Boil the beef head in water with onion, garlic, and ginger, remove the bones, and then flatten and slice it into slices to turn it into a meal that retains the flavor of beef head.

* Boil the head of the cow with Tikka-you (a kind of seasoning for removing the smell) or with parsley, celery, carrots, onions, and remove them after boiling. You can use steak and meat, beef blood, etc., or pork, pancetta, tenderloin. You can use with seaweed soup and add vinegar, sugar condiments, mustard sauce, etc. instead of vinegar soy sauce with vinegar and water.

* The essential oils in ginger and the spicy ginger powder promote blood circulation and stimulate the appetite, and are recognized as a good food for preventing winter colds.

Materials:

1 cow's head, 200g green onion, 4 heads of garlic, 100g ginger, 2 tablespoons of salt

Practice:

(1)Scrape the cow's head and divide it into halves to soak in cool water to bleed it out and put enough water in a pot to put the cow's head in when the water boils, and then fish it out and rinse it when the head floats up.

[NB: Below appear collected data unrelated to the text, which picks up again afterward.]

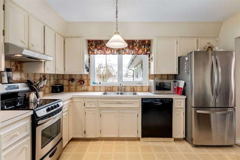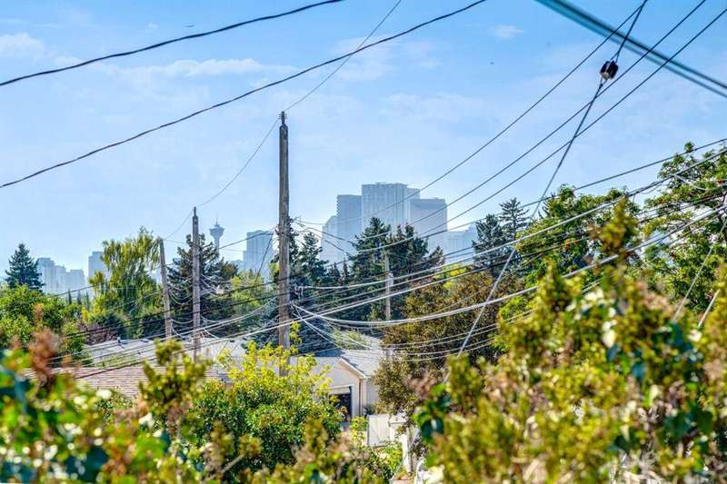 This 3-bedroom, 2-bathroom bi-level in Mayland Heights offers a large open layout, a walk-out basement, and views of both downtown and the mountains. With multiple living areas inside and outdoor spaces on both levels, there is plenty of room to relax and entertain. The main floor features a bright front living room, a dining area that connects to the kitchen, and a family room with a wood-burning fireplace and access to the upper patio where you can enjoy a scenic backdrop including the city skyline. The primary bedroom is a spacious retreat created by merging two bedrooms and could be re-partitioned to create two bedrooms on the upper level if desired. A newly renovated 3-piece bathroom with walk-in shower is adjacent. Flooring on this level is a mix of hardwood, linoleum, and carpet, with hardwood likely under much of the carpet. Custom window coverings are also included. The walk-out basement adds two bedrooms, a 4-piece bathroom, and a versatile rec room with large windows for natural light. The laundry area includes a full fridge and the storage room offers extra space along with a large chest freezer. From here there is direct access to the backyard, the walk-out patio with swing, and the single-car garage. This property has had only two owners, with the same family caring for it for more than 50 years. The location is 5.7 km from Calgary’s downtown core with quick access west to the mountains. The Bow River, pathways, the Calgary Zoo, and TELUS Spark are nearby along with parks and two schools. The west-facing backyard captures afternoon sun for a welcoming outdoor space. Shopping, restaurants, Deerfoot Trail, the Trans-Canada Highway, and the LRT are also close by. This is an excellent opportunity to own a home with space and a great location. Book your private showing today.
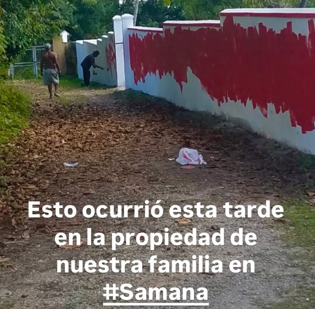 “Algo hay de por medio aquí en RD no andan manchando las paredes de propiedades ajenas por nada y claramente esa mancha tiene un mensaje”, escribió alguien en la cuenta de Instagram del programa ‘El Gordo y La Flaca’, que publicó las imágenes de denuncia del artista.
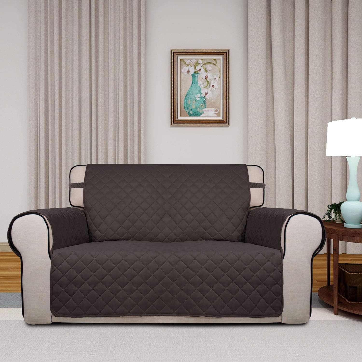 PureFit Reversible Quilted Sofa Cover, Water Resistant Medium Slipcover Furniture Protector, Washable Couch Cover with Non Slip Foam and Elastic Straps for Kids, Dogs, Pets (Loveseat, Chocolate/Beige)
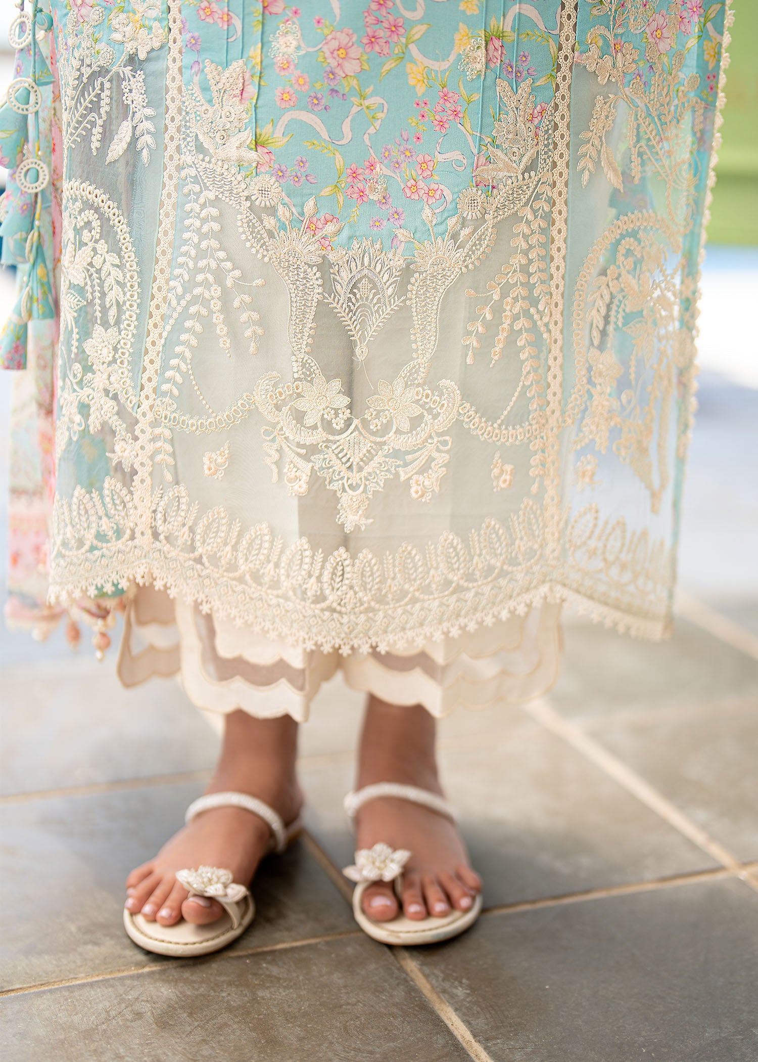 Soft and serene in a dreamy baby blue hue, “Tiya” is a graceful composition of modern elegance, featuring a beautifully embroidered and printed lawn front with delicately structured center and side panels that create a refined, flowing silhouette. The design is elevated with an intricately detailed organza neckline and refined patchwork that adds depth and artistry, while embroidered and printed sleeves bring a soft touch of charm. Paired with a lightweight cotton net printed dupatta and a classic cambric base, Tiya embodies effortless sophistication with a fresh, airy appeal.
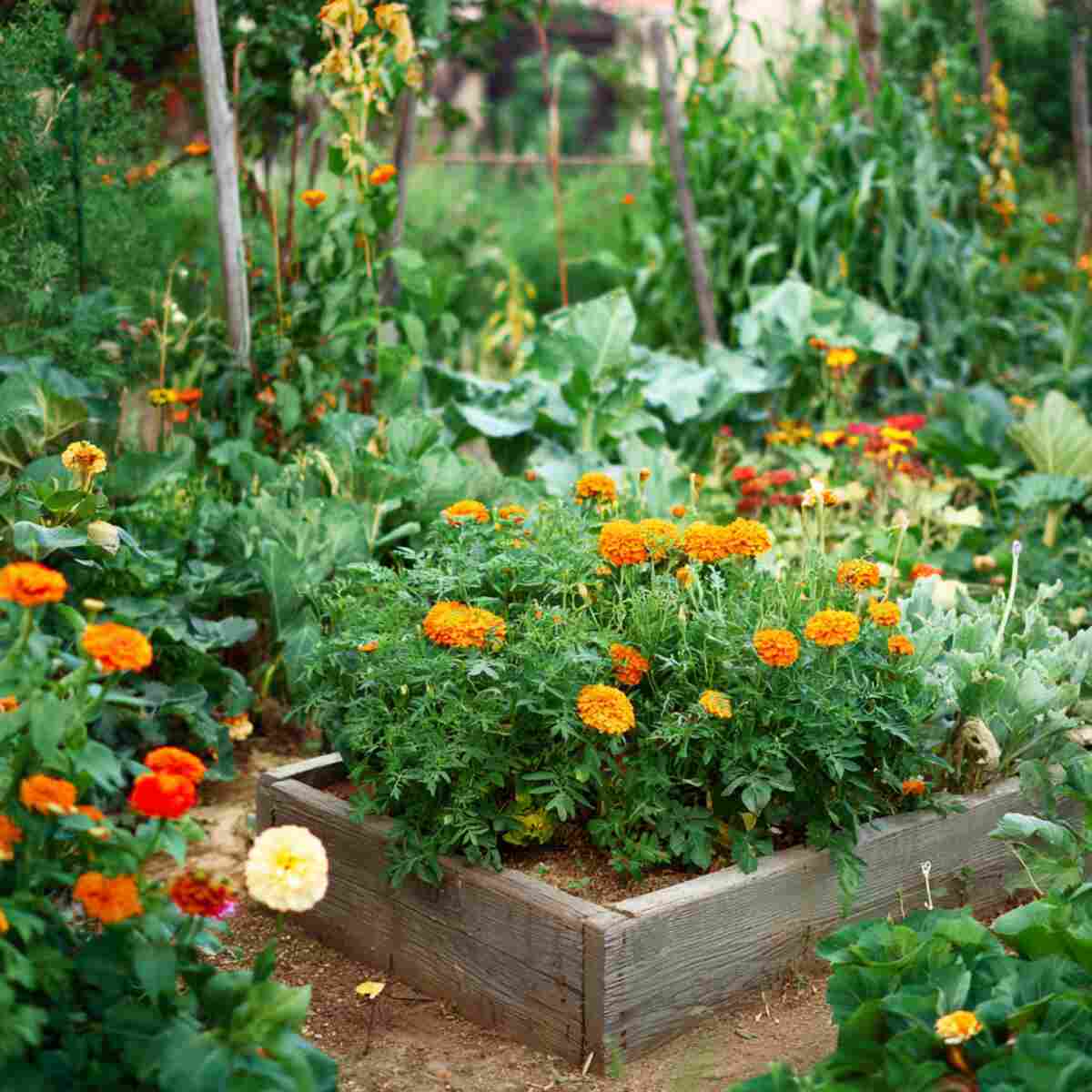 A pollinator-friendly layout mixes vegetables with flowers like marigolds, zinnias, and nasturtiums in selected squares.

(2) in the scalding out of the cow's head pour enough water, and put salt, ginger, garlic when simmering soup, while ruffling the froth and cooking.

(3) When boiling for about 3 hours, the bones are easy to draw out. When hot, the de-boned beef head meat in a burlap parcel wrapped round and bundled, and then placed in (2) in the boiled beef head of the soup boiled for about half an hour.

(4) Fish out and sprinkle cool water, put flat to put the cutting board upside down on it, and press it with a heavy object overnight to make it shape.

(5)Unwrap and cut into 5cm slices, served in a bowl.

(6) Put vinegar soy sauce or mustard vinegar sauce on top.